◆ Task data ◆

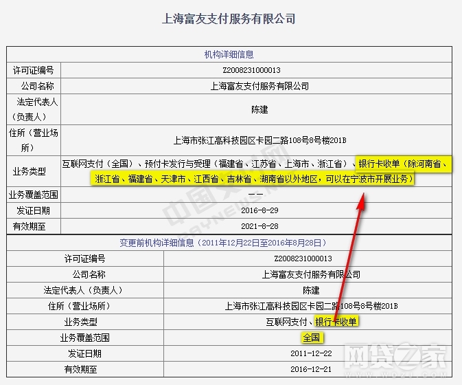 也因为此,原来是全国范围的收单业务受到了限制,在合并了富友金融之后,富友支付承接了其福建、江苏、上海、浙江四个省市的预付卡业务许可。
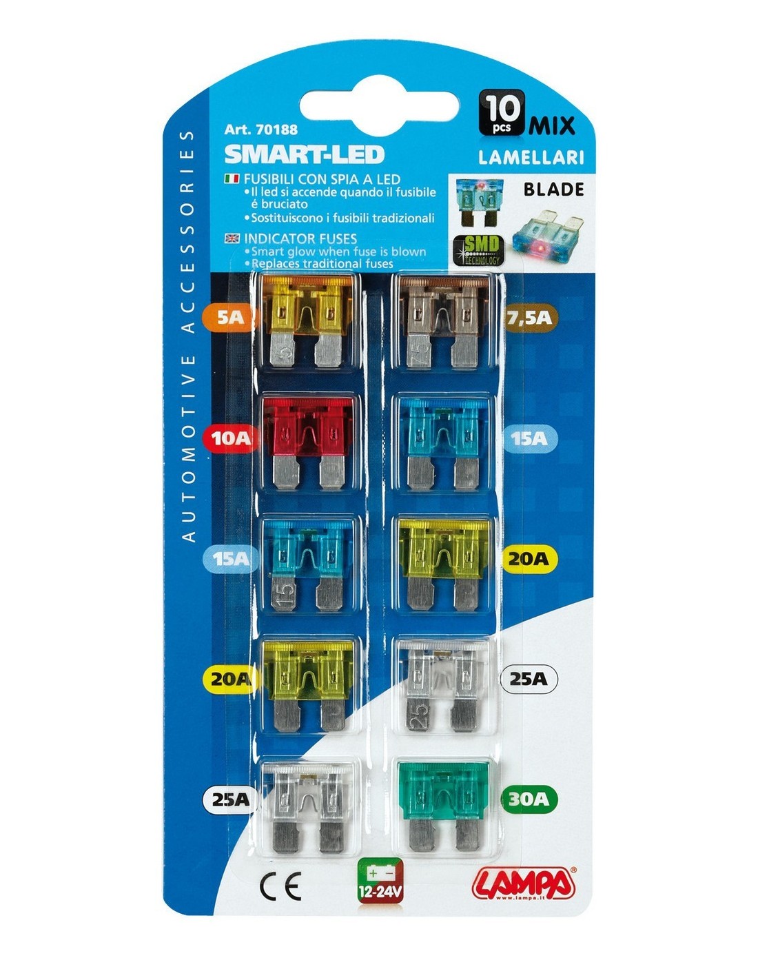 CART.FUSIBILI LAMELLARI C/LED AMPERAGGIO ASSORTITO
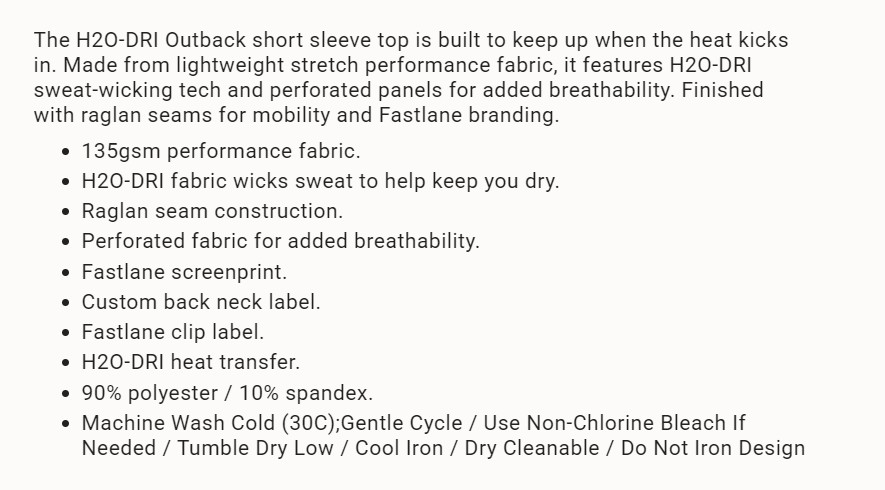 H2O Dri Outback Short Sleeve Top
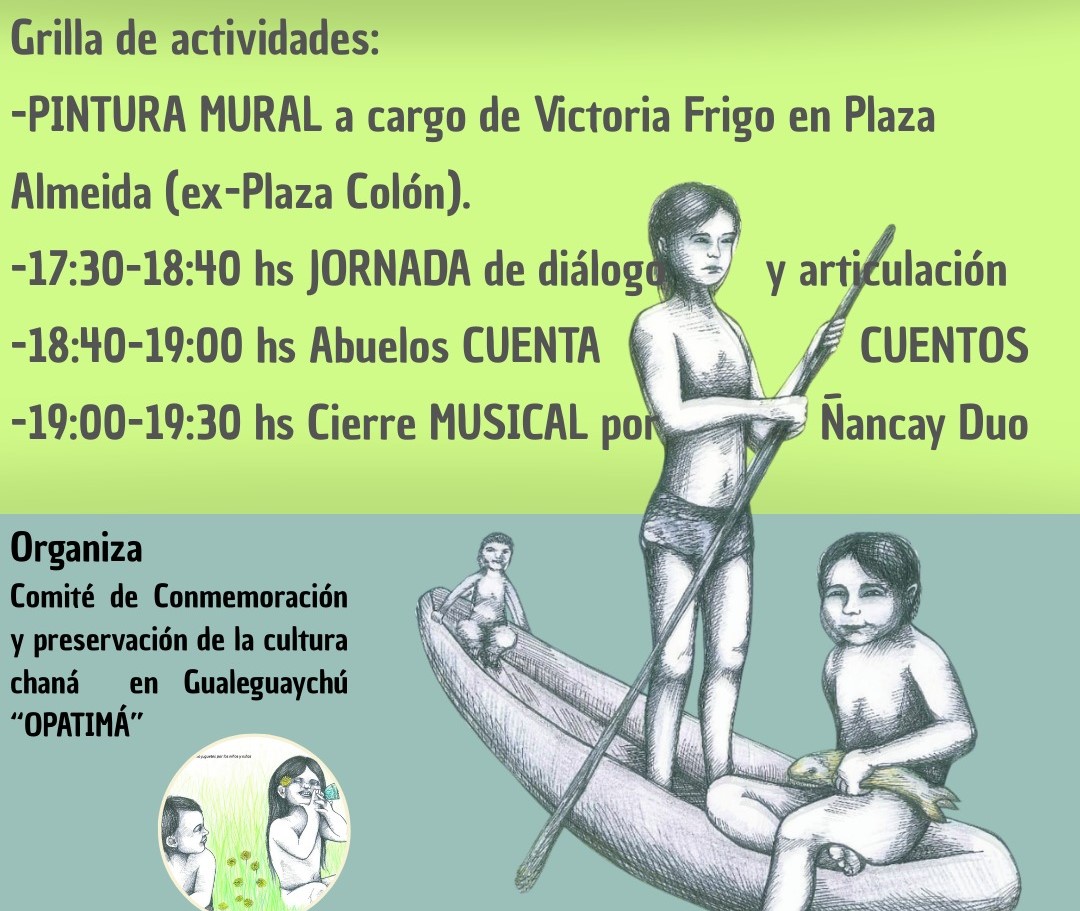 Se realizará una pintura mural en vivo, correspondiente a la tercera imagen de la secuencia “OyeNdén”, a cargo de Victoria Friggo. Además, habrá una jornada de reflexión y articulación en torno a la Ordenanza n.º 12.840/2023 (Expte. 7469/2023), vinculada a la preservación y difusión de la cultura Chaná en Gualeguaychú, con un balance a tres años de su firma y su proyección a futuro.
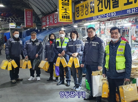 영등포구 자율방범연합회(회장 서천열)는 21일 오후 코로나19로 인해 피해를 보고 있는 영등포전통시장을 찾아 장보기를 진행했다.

---

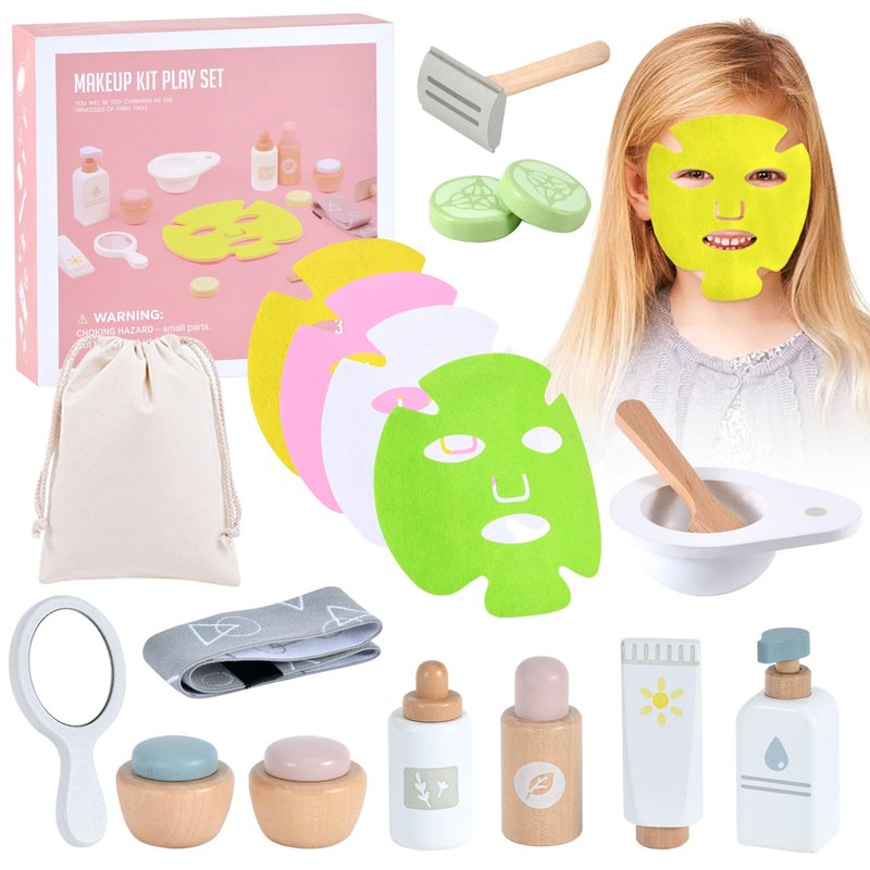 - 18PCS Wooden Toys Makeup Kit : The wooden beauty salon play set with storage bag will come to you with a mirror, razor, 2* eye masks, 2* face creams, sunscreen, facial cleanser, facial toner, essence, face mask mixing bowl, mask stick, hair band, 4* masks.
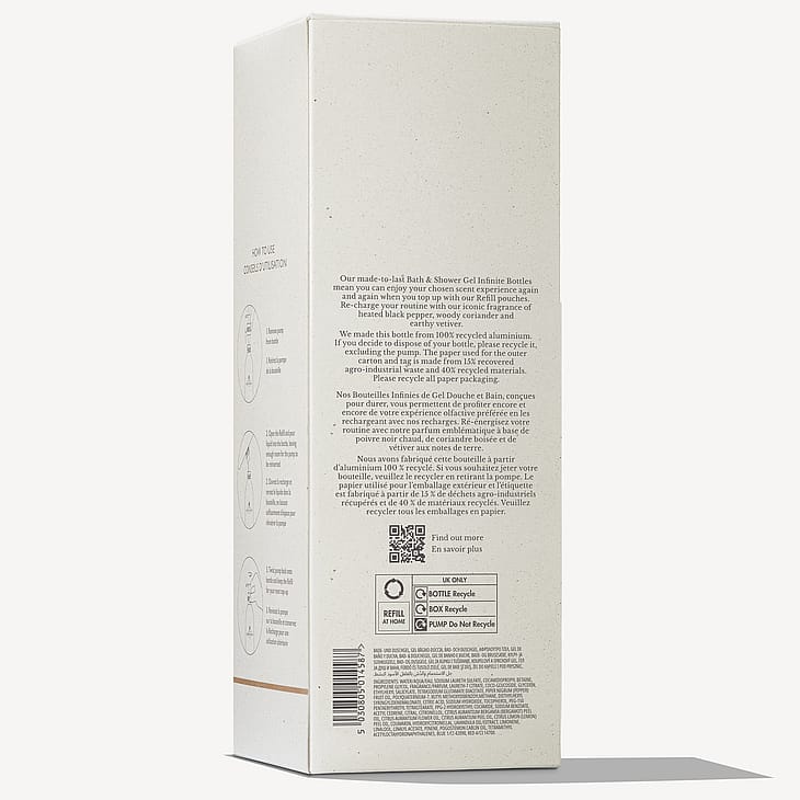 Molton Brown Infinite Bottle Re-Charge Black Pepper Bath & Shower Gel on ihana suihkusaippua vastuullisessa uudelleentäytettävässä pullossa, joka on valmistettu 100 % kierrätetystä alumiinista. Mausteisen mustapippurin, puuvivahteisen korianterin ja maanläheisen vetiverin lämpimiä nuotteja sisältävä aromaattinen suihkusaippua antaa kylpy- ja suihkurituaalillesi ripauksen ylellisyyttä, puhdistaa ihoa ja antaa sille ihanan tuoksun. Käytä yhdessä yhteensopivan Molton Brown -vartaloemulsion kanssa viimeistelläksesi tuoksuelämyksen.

--

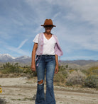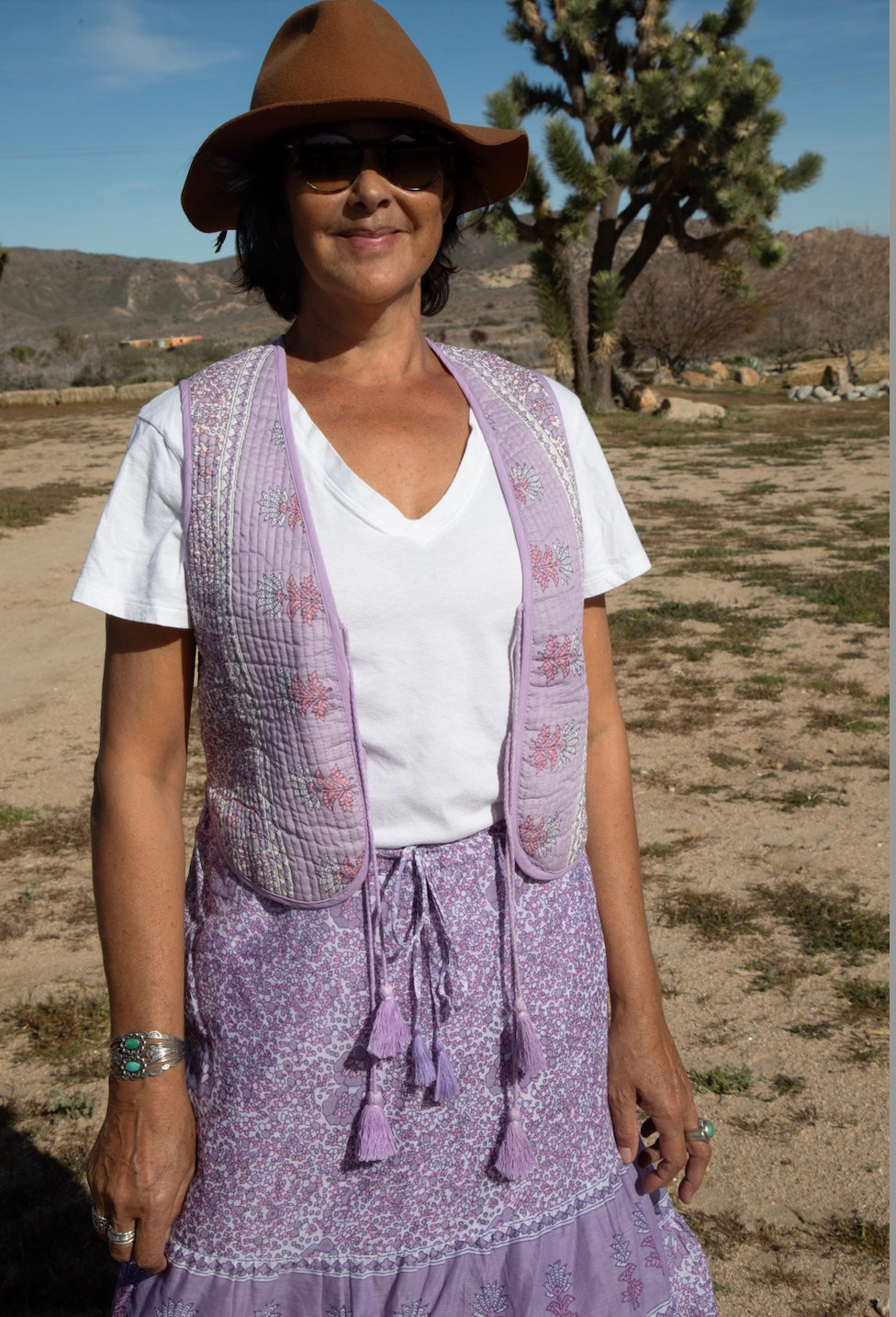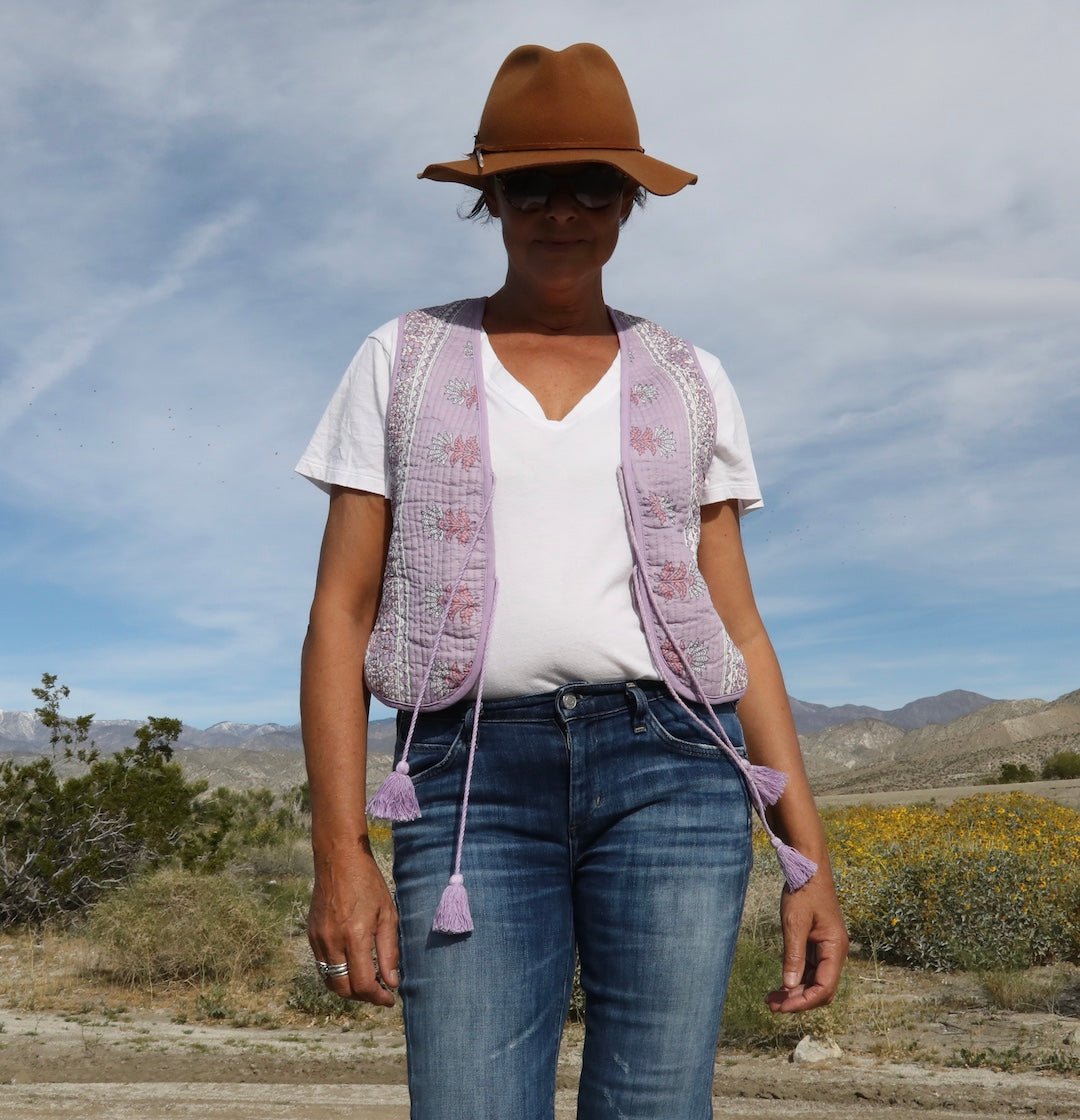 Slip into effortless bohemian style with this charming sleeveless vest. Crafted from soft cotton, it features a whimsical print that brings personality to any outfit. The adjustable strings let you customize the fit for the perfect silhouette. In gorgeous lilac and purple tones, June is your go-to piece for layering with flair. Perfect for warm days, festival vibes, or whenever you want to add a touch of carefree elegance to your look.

◆ Work instruction ◆
Set the pictures aside and retype exactly the lines above from the line with "Se realizará una" to the line with "영등포구 자율방범연합회(회장 서천열)는", both included, adding no others.

◆ Finished exercise ◆
 Se realizará una pintura mural en vivo, correspondiente a la tercera imagen de la secuencia “OyeNdén”, a cargo de Victoria Friggo. Además, habrá una jornada de reflexión y articulación en torno a la Ordenanza n.º 12.840/2023 (Expte. 7469/2023), vinculada a la preservación y difusión de la cultura Chaná en Gualeguaychú, con un balance a tres años de su firma y su proyección a futuro.
 영등포구 자율방범연합회(회장 서천열)는 21일 오후 코로나19로 인해 피해를 보고 있는 영등포전통시장을 찾아 장보기를 진행했다.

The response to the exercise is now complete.